При этом есть основание спорить о том, не является ли «роман-фельетон» скорее публикационной формой, чем собственно жанром. С другой стороны, именно газетная публикация диктовала сочинителям достаточно жесткие требования к структуре сюжета, отбору персонажей и самое главное – членению текста на главы, каждая из которых должна была активно побуждать читателя к прочтению следующей (а для этого фрагмент надлежало завершить особо занимательным образом). Все эти «ритуальные» особенности, а также спринтерская скорость работы с трудом давались Бальзаку, который по праву считается одним из первопроходцев жанра – так, его повесть «Старая дева» была впервые опубликована в октябре-ноябре 1836 года на страницах газеты Эмиля де Жирардена «Ла Пресс». Зато они оказались вполне по плечу Эжену Сю, чей роман «Парижские тайны», печатавшийся на страницах «Журналь де дебá» (Le Journal des débats) с июня 1842 по октябрь 1843 года, надолго сделался каноническим образцом жанра), и Александру Дюма-отцу («самому популярному из французских писателей», как аттестовал его в 1895 году журнал «Политические и литературные анналы» (Annales politiques et littéraires)). К концу XIX века правила этой литературной игры становятся общепринятыми – увы, изобилия Бальзаков среди авторов многочисленных романов-фельетонов замечено не было. Читатель с нетерпением ждал от романа-фельетона «ежедневного рациона» злодейств и кровавых преступлений.
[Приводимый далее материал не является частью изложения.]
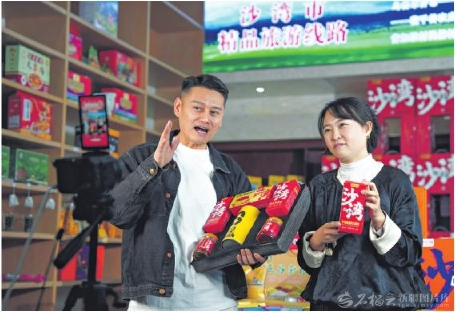 日,沙湾市文旅局党员干部和产业联盟电商人才一起直播销售农特产品。该市推行“党建
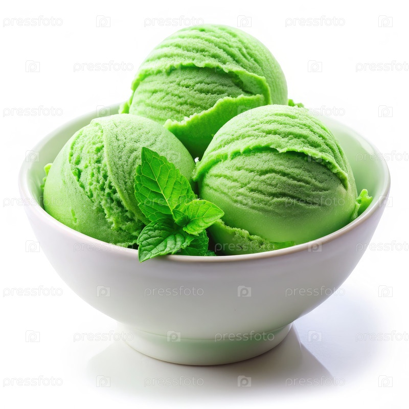 Три ложки зеленого мятного мороженого в White Bowl

В 1839 году – то есть через три года после рождения романа-фельетона во Франции – знаменитый критик Сент-Бев в известной статье, опубликованной на страницах весьма респектабельного журнала «Ревю де дё монд» (La Revue des deux mondes), выступил с критикой «индустриального», так сказать, поставленного на поток романа. Почти одновременно с Сент-Бевом чувствительный удар по роману-фельетону нанес критик Альфред Нетман, выпустивший двухтомный труд, где подробно разбирается исходящая от этого жанра – неизбежного порождения удешевления прессы – опасность. Для Нетмана «роман-фельетон» и «аморальный роман» – абсолютные синонимы. Проходит еще пять лет, и журналист и политик барон Шапюи де Монлавиль объявляет настоящий крестовый поход против этого жанра, осуждает опасную для французского народа словесность с высокой трибуны – в Палате депутатов. С его точки зрения, роман-фельетон пробуждает нездоровые инстинкты и дразнит воображение. Эта борьба продолжалась вплоть до революционных событий 1848 года, а в 1850 году был введен специальный налог на публикацию романов-фельетонов. Очень распространена была в ту пору метафора «отравленных душ» – в роли отравы выступало, конечно же, скверное чтение, которое побуждало знатную молодежь к разврату, а рабочую – подстрекало к мятежу.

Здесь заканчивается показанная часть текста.